The alumna star of One Battle After Another knows what you think of her name
By Alex Joseph
Actor and hip-hop artist Shayna McHayle knows her stage name can be triggering, though it was never meant to be. She came up with it in 2009, while she was a Fashion Merchandising Management student—a punk with a bright-red mohawk and a serious thrift-store habit. “You could really get a bunch of dope things for $20,” she recalls, and she soon had more fuzzy animal prints than she knew what to do with. Inspired by those finds (and by Josie and the Pussycats and the Pussycat Dolls) she went home after class one day and posted a short Myspace video announcing her new name: Junglep**sy, now frequently shortened to JP. “It was literally three seconds,” she says. “And it changed my life forever.”
JP liberating migrants as a member of the group French 75 in One Battle After Another. Film Stills: Merrick Morton/Warner Bros. Pictures.
Director Paul Thomas Anderson loved the name so much he wrote her into the script for One Battle After Another. JP plays … Junglep**sy, a member of a far-left revolutionary group. In the bank heist scene, JP leaps onto a counter and shouts, “This is what Black Power looks like!” Remembering the filming, she laughs: “That day, I was like, ‘Girl, go up there and do it like you do it at your shows.’” Costar Regina Hall said, “You killed that.” Saturday Night Live referenced the iconic moment in a sketch.
For now, acting is just a sideline for JP, a musician with three critically praised studio albums and even more mixtapes, all independently released.

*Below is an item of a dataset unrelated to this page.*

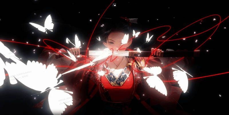 而在整体的画风上,也充分展现出了网易本身强大的美术力,写实水墨风格定下了整支PV的主基调,红线、红花与金蝶作为点缀,最终以穆念慈的拔刀动作结尾,女侠之气彰显无遗。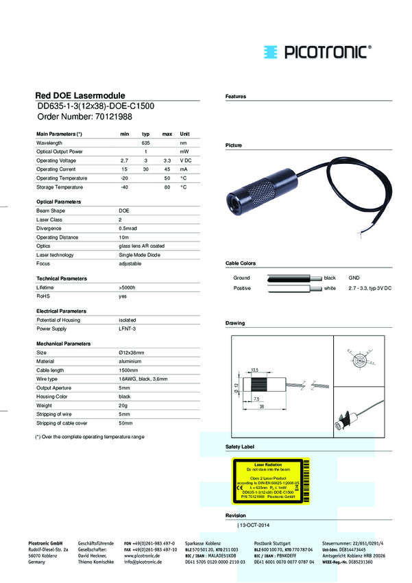 Picotronic 70121988 Moduł laserowy DD635-1-3(12x38)-DOE-C1500, klasa 2, 1 mW, 635 nm

She says the music just happened: “I had no interest in being in the spotlight. I love listening to music, but I never thought to make a career out of it. It was just something I enjoyed doing with my friends.” After she’d guest appeared on a few pals’ tracks, she started to build an online presence. “People would ask, ‘When are gonna make your own music?’” Then she had a bad breakup. “I’m like, ‘I’m not gonna sit and cry. I’m gonna write a song.’” That 2012 ditty, “Cream Team,” was discovered and reposted by Erykah Badu. Fourteen years later, JP’s songs have been licensed for everything from Broad City to HBO’s Insecure. Her videos intrigued mumblecore auteur Andrew Bujalski, who hired her for his 2018 indie flick Support the Girls, and Anderson cast her after seeing her open for the Australian band Tame Impala.
While accepting the Golden Globe for Best Screenplay, Anderson thanked her by name. Abbreviated to JP, that is.